Americans really do believe winning is the only thing. This makes them want to win at any cost, which is why the world cringes when they show up at the Ryder
Cup with the players’ wives in matching linen sheath dresses, and why the American crowds heckle foreign players. They win at any cost, and that means badly. Worse, they sulk in defeat. For they hold every other nation in contempt, even as their empire disintegrates. Yes, it is rather fun to watch (until you see Iraqi bodies pile up), because they don’t understand the contempt in which
they
are held. The rest of the world would love to get genuine indifference from the United States. Instead they get belligerence. Every fight must be a fight to the death.

It’s the same stance that makes the U.S. consumer demand that every purchase must be made at the lowest possible cost. Cheap goods are a win. But Americans are incapable of following the clues dropped along the logic trail. Cheap goods are generally shoddy and their popularity is responsible for the—it’s not a rash so much as a deep-burrowing flesh-eating disease—omnipresence of white plastic objects across that nation. There isn’t anything Americans don’t like in vinyl, and that includes white picket fences, “wicker” furniture, above-ground swimming pools, buildings, shoes, and the list goes on.
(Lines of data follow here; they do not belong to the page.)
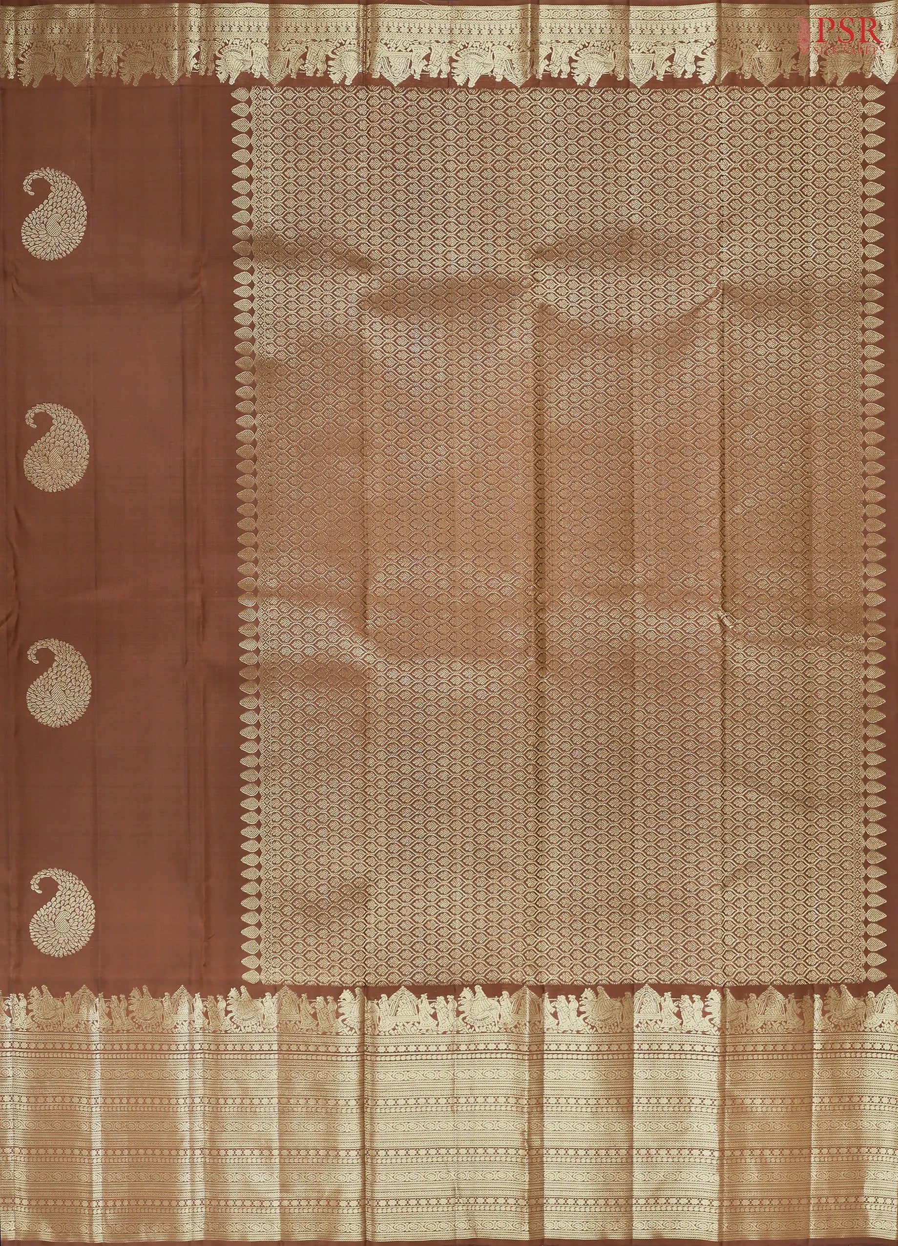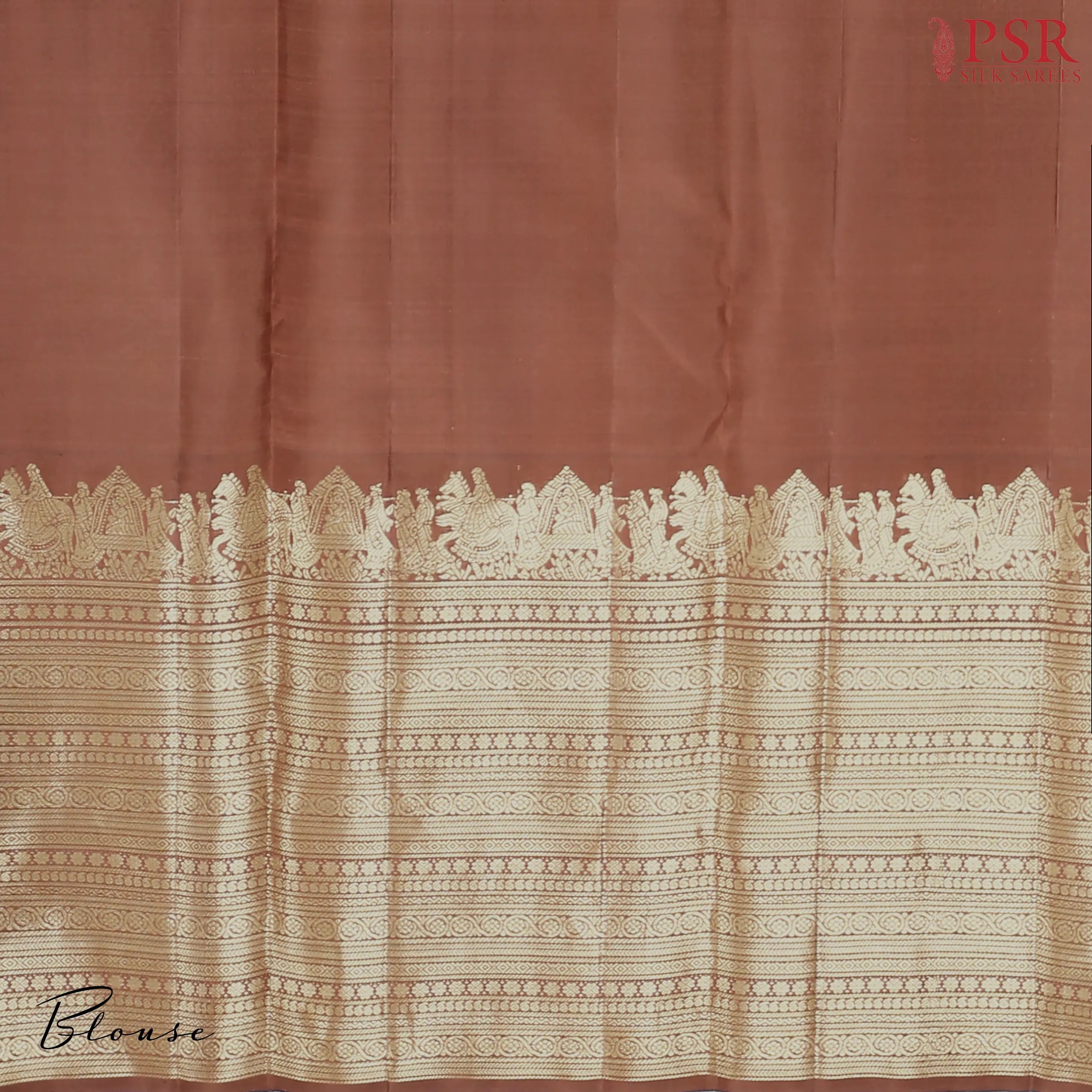 PSR Silk Sarees presents a luxurious Cinnamon Brown Pink Kanchipuram Silk Saree from our Shrestha Kanjivaram collection, radiating grace and sophistication. The saree features exquisite golden zari paisley motifs, woven with precision to reflect the timeless artistry of Kanchipuram. A traditional zari work pallu and border add regal charm, while the plain matching blouse offers the perfect balance for versatile styling. Ideal for weddings, festive occasions, and grand celebrations, this saree embodies elegance in every detail.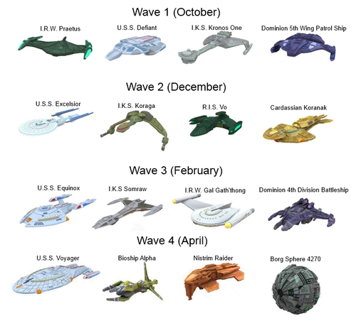 Utgivaren släpper regelbundet s.k. Waves. För närvarande finns Wave 0-4 (10 stycken är planerade fram till oktober 2014). Varje Wave innehåller 4-8 rymdskeppsminiatyrer.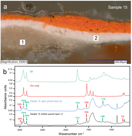 Microscopy image of cross-section of sample 15 from the orange paint viewed in VIS (a). ATR μ-FTIR spectra derived from the bottom (1) and upper layers (2) of the ground preparation with labelled marker peaks of zinc soap and oil along with reference samples of identical materials (b).
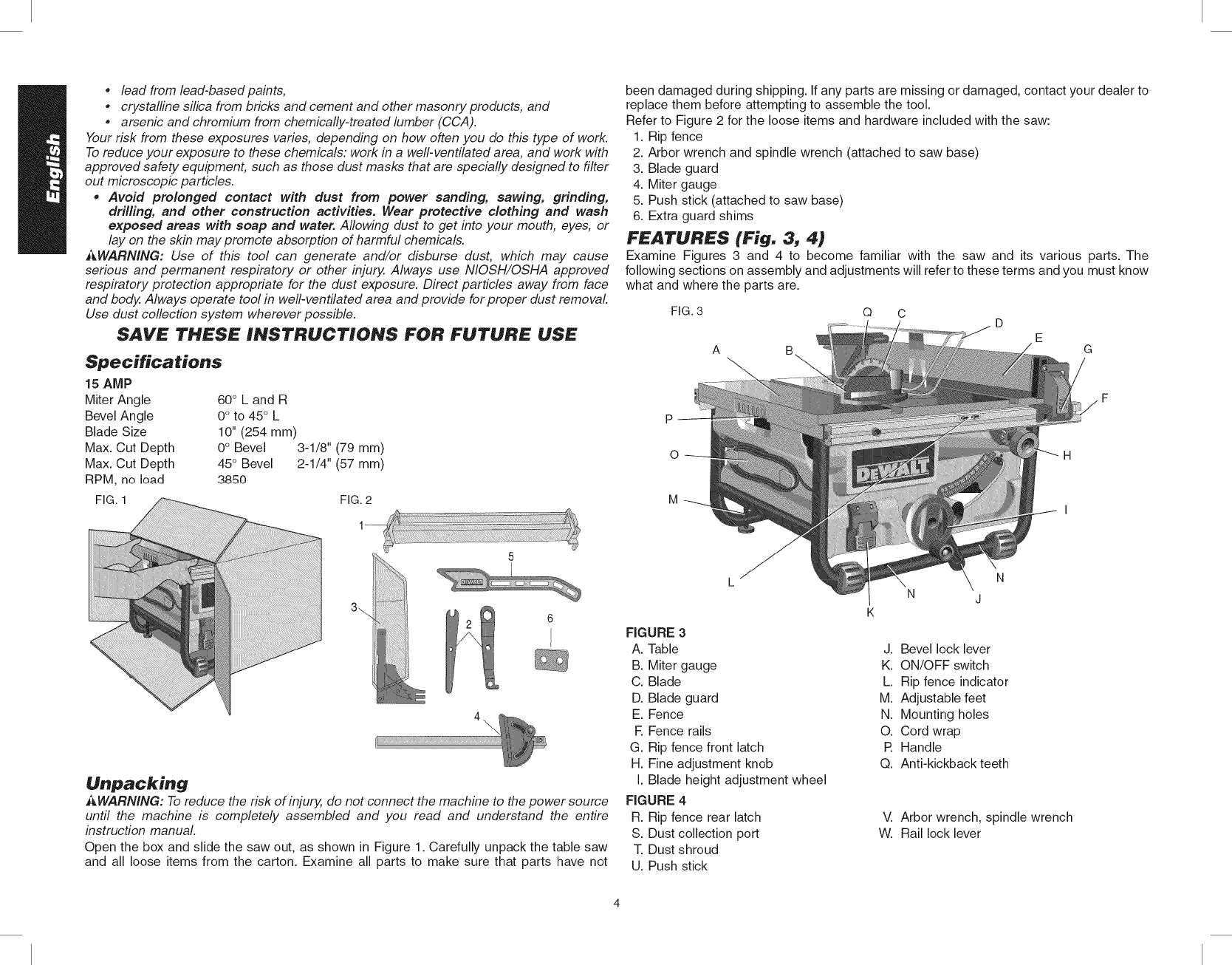 Dewalt DW745 TYPE 1 User Manual TABLE SAW Manuals And Guides 1305012L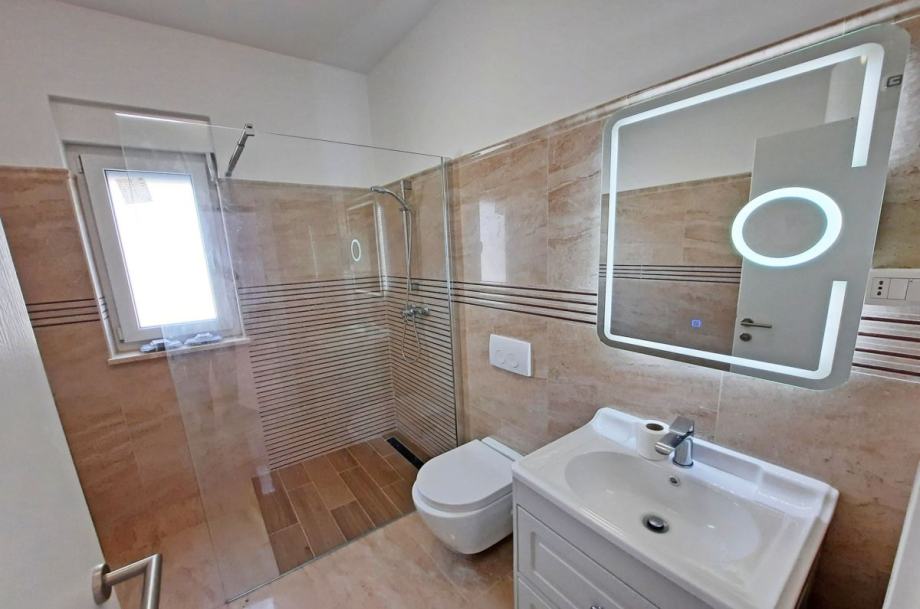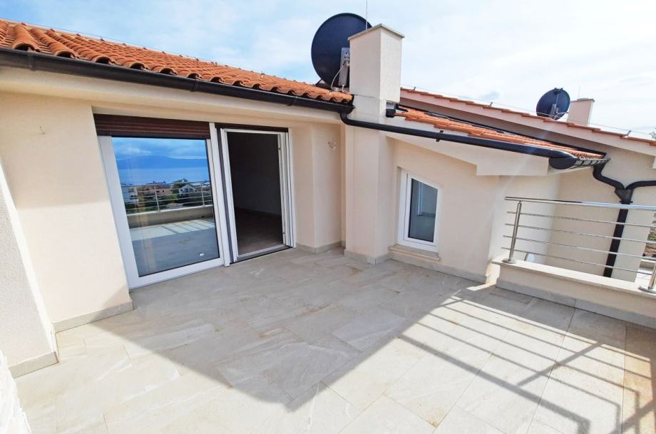 Otok Krk, Njivice, prodaja novog apartmana površine 67,99 m2, u potkrovlju apartmanske zgrade s pogledom na more. Apartman se sastoji od dnevne sobe, kuhinje, blagovaone, dvije spavaće sobe, kupaonice, hodnika i nenatkrivene terase. Kvalitetna gradnja i oprema, PVC stolarija, klimatizacija, parkirno mjesto. Mirna lokacija, 1500 od mora.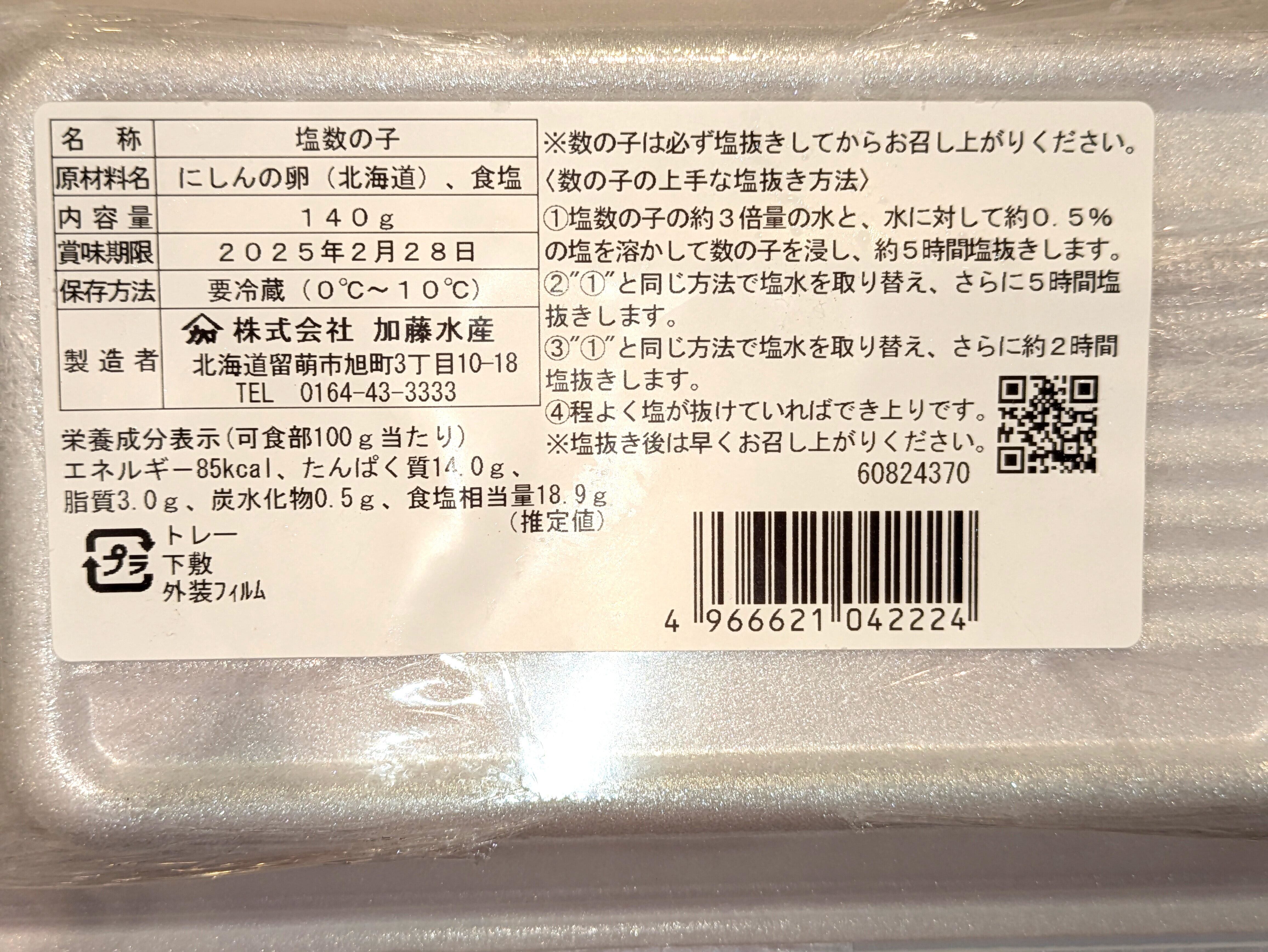 ・北海道産塩数の子140g(大羽の大きな折れです。)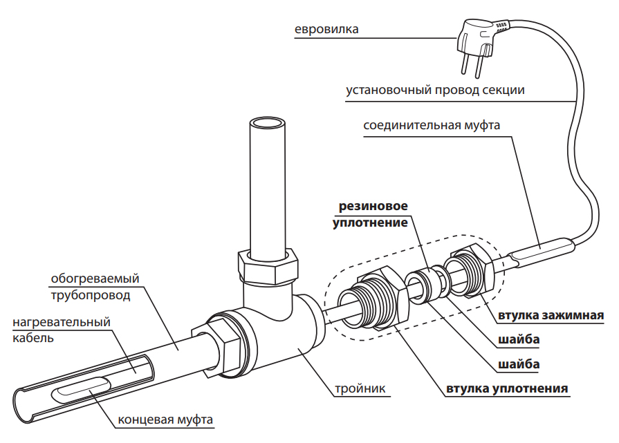 Секция нагревательная кабельная Freezstop Inside DACHA-10-6 в трубу

These goods are made in China. Why Americans should then allow themselves to be told that Mexicans are stealing their jobs, when clearly they are giving away those jobs to the American hunger for cheap Chinese crap … it’s a mystery. No, it’s not.

Americans are dumb.

There, I’ve said it.

They’re nice people, many of them in the Blue States, but they don’t read, their insularity practically turns them
inside out, they dress like children and they’re so literal-minded that even Americans can’t understand how their intelligent comedy survives. The audience is so tiny. Their novelists are so pompous they explode in a flinging of beard stubble while failing to understand that a huge canvas of American crassness is out there waiting, begging, to be painted. But no, they’d rather study their own tortured souls. Their magazines are humourless and their carnal urges are for women who look like little girls.